Within the records below, find the line with "ИСТОРИЧЕСКИЙ КОНТЕКСТЛетопись —" and the line with "Dairon Asprilla de", then reproduce exactly those two lines and all lines between them, without any picture.

--------------------

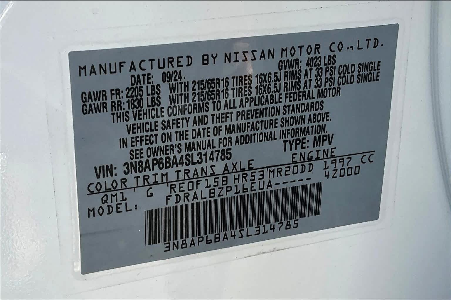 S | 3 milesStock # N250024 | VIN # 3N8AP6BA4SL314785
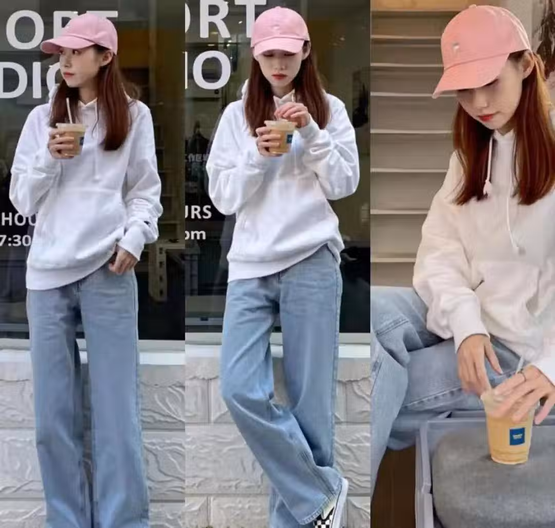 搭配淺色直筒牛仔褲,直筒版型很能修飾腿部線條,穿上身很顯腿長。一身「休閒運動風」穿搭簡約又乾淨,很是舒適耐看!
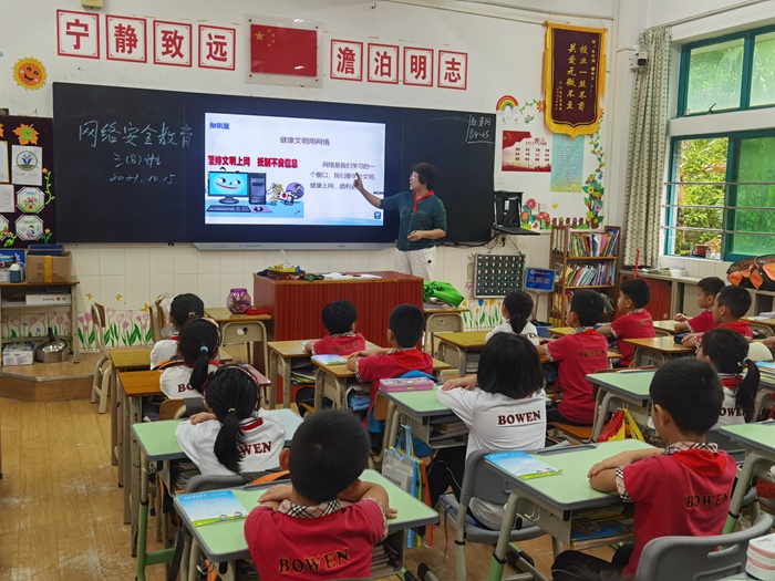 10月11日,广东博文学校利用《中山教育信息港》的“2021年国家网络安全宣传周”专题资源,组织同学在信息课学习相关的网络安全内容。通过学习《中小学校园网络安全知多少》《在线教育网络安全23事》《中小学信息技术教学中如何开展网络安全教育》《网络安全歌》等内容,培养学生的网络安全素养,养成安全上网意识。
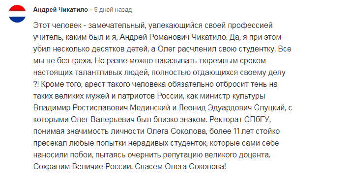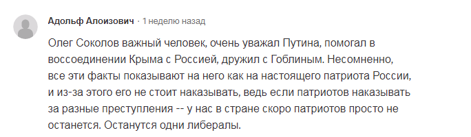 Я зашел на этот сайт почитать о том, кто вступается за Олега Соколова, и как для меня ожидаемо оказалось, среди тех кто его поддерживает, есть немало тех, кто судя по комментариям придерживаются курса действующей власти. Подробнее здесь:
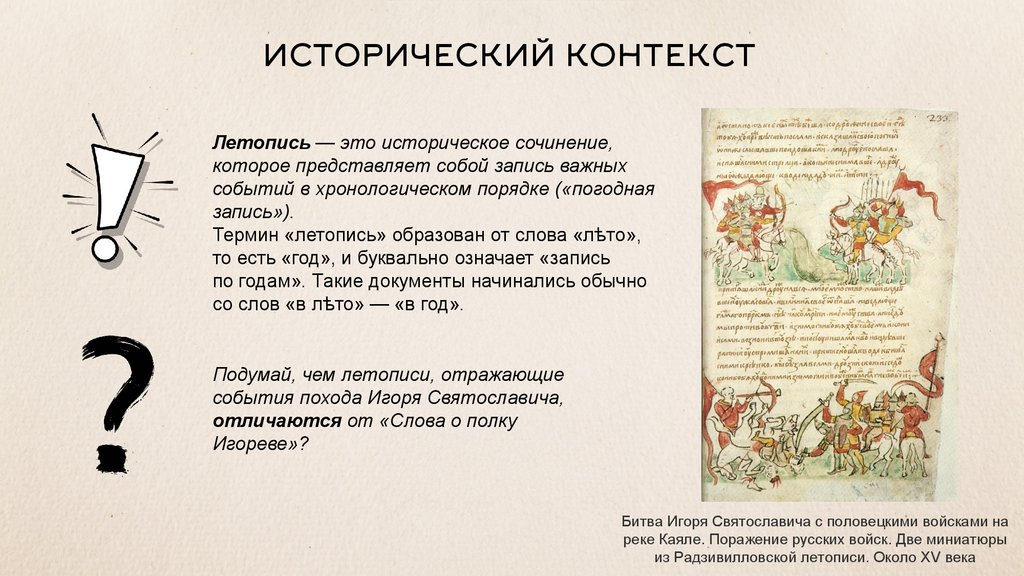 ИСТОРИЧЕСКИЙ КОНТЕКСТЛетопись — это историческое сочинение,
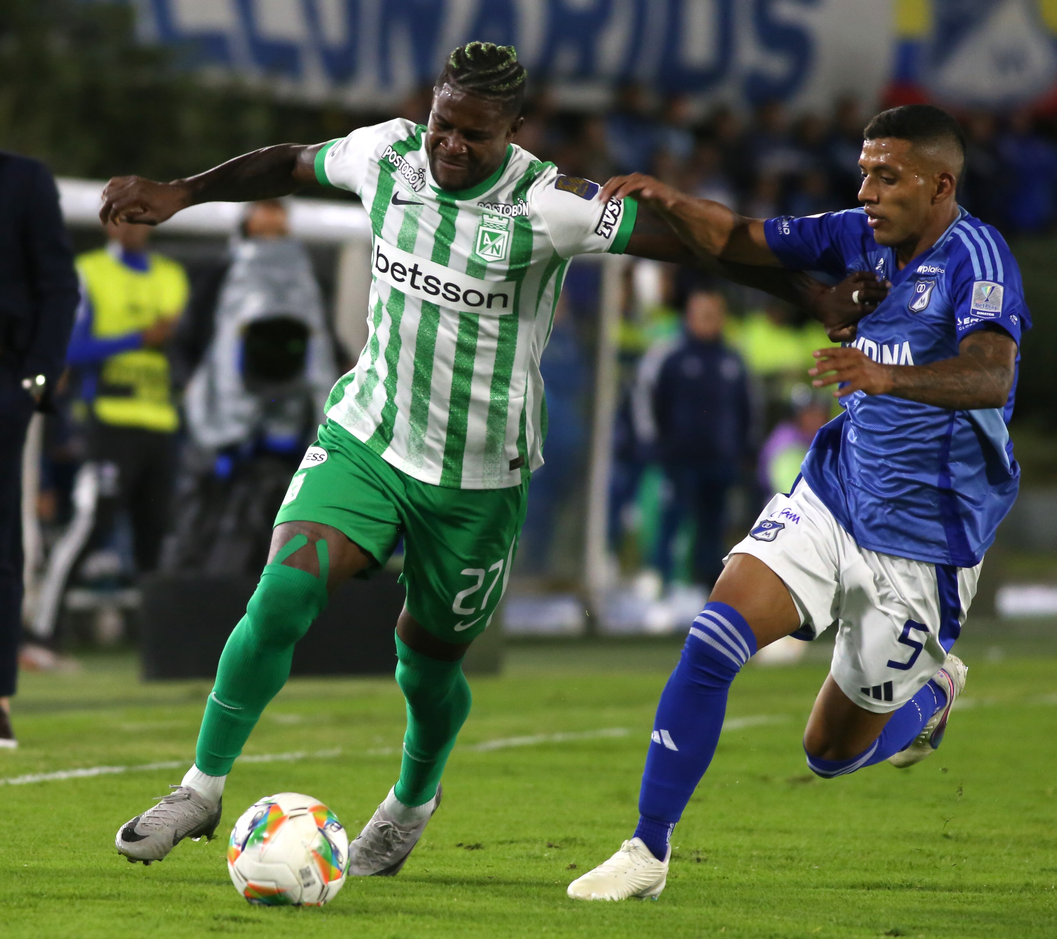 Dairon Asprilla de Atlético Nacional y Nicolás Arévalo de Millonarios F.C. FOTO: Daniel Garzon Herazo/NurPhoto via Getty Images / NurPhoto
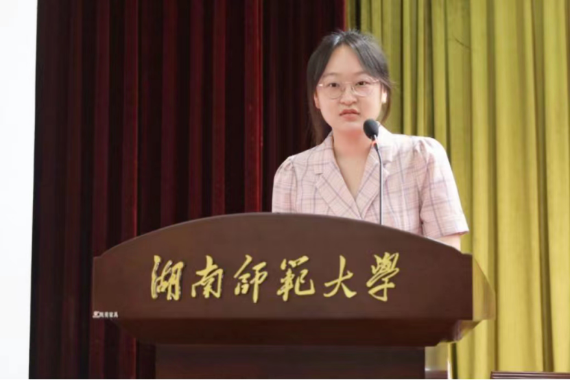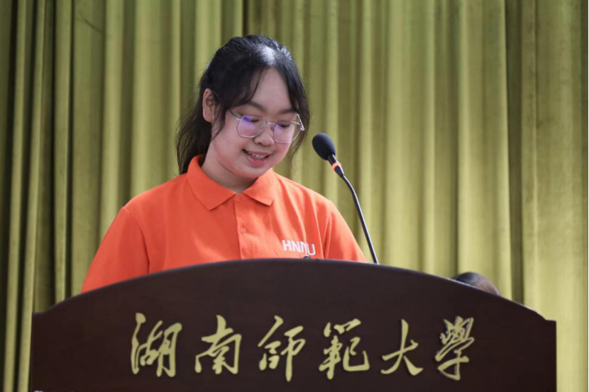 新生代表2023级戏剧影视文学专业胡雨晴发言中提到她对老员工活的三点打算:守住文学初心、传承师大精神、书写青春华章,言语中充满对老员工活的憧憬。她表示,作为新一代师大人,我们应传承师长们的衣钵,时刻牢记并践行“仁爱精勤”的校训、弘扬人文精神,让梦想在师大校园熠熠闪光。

--------------------

# [Task response]
 ИСТОРИЧЕСКИЙ КОНТЕКСТЛетопись — это историческое сочинение,
 Dairon Asprilla de Atlético Nacional y Nicolás Arévalo de Millonarios F.C. FOTO: Daniel Garzon Herazo/NurPhoto via Getty Images / NurPhoto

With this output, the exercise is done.